The following table sets forth certain information concerning our executive officers and directors.

 

Name

 

Position with Company

 

Age

M. Jay Allison

 

Chief Executive Officer and Chairman of the Board of Directors

 

68

Roland O. Burns

 

President, Chief Financial Officer, Secretary and Director

 

63

Daniel S. Harrison

 

Chief Operating Officer

 

60

Clifford D. Newell

 

Vice President of Corporate Development and Chief Commercial Officer

 

45

Patrick H. McGough

 

Vice President of Operations

 

43

Ronald E. Mills

 

Vice President of Finance and Investor Relations

 

51

Daniel K. Presley

 

Vice President of Accounting, Controller and Treasurer

 

63

LaRae L. Sanders

 

Vice President of Land

 

61

Brian C. Claunch

 

Vice President of Financial Reporting

 

49

Elizabeth B. Davis

 

Director

 

61

Morris E. Foster

 

Director

 

81

Jim L. Turner

 

Director

 

78

A brief biography of each person who serves as an executive officer or director follows below.

Executive Officers

M. Jay Allison has been our Chief Executive Officer since 1988. Mr. Allison was elected Chairman of the Board in 1997 and has been a director since 1987. From 1988 to 2013, Mr. Allison served as our President. From 1981 to 1987, he was a practicing oil and gas attorney with the firm of Lynch, Chappell & Alsup in Midland, Texas. He received B.B.A., M.S. and J.D. degrees from Baylor University in 1978, 1980 and 1981, respectively.

Roland O. Burns has been our President since 2013, Chief Financial Officer since 1990, Secretary since 1991 and a director since 1999. Mr. Burns served as our Senior Vice President from 1994 to 2013 and Treasurer from 1990 to 2013. From 1982 to 1990, Mr. Burns was employed by the public accounting firm, Arthur Andersen. During his tenure with Arthur Andersen, Mr. Burns worked primarily in the firm's oil and gas audit practice. Mr. Burns received B.A. and M.A. degrees from the University of Mississippi in 1982 and is a Certified Public Accountant.

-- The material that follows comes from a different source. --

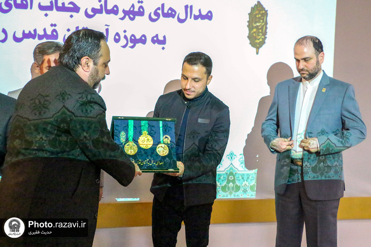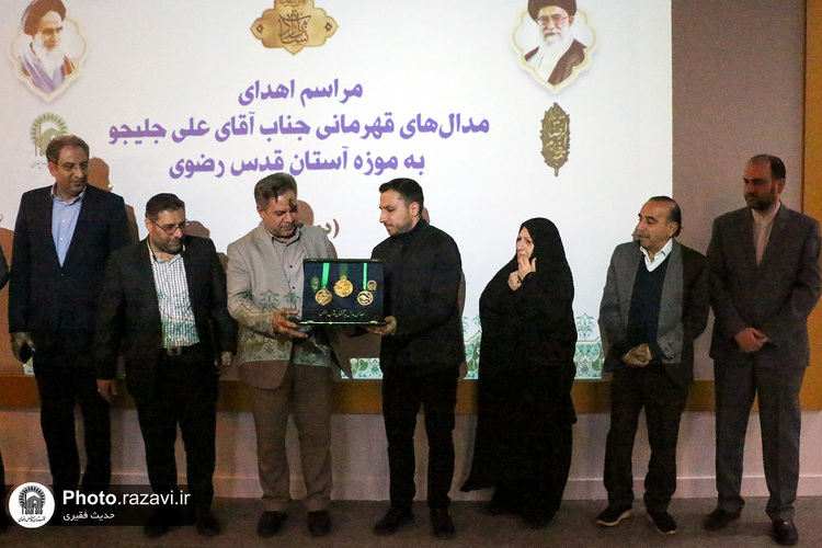 مراسم اهدای مدال‌های قهرمانی علی جلیجو، کشتی‌گیر و ورزش‌کار ورزش‌های باستانی به موزه آستان قدس رضوی روز پنج‌شنبه 21 دی 1402 در مرکز همایش‌ها و نمایشگاه‌های آستان قدس رضوی برگزار شد.

Daniel S. Harrison became our Chief Operating Officer in July 2019 and served as Vice President of Operations since 2017. Mr. Harrison has been with us since 2008 and served in various engineering and operations management positions of increasing responsibility during that time. Prior to joining us, Mr. Harrison was an operations engineer at Cimarex Energy Company from 2005 to 2008. Prior to 2005, he worked in various petroleum engineering operations management positions for several independent oil and gas exploration and development companies. Mr. Harrison received a B.S. Degree in Petroleum Engineering from the Louisiana State University in 1985.

Clifford D. Newell became our Vice President of Corporate Development and Chief Commercial Officer in December 2022. Mr. Newell brings over 15 years of experience in commercial, marketing and operations experience in the midstream energy industry. Prior to joining us, Mr. Newell was responsible for producer relationships, business development, project management, scheduling and marketing as Commercial Vice President at Trace Midstream, Blue Mountain Midstream and Penntex Midstream. He received his Bachelor of Business Administration in Economics and Pre-Law and Executive Master of Business Administration from Centenary College of Louisiana in 2006 and 2013, respectively. He also received his Master of Energy Business from the University of Tulsa in 2015.

Patrick H. McGough became our Vice President of Operations in July 2019 following our acquisition of Covey Park Energy, LLC. He joined Covey Park in August 2018 as the Vice President of Operations, where he was responsible for drilling, completion, and production operations and engineering. Prior to his time at Covey Park, Mr. McGough held significant roles as a drilling, completion, and production engineer at Brammer Engineering. Mr. McGough received a Bachelor of Science in Chemical Engineering from Louisiana Tech University in 2003 and an MBA from Centenary College of Louisiana in 2010.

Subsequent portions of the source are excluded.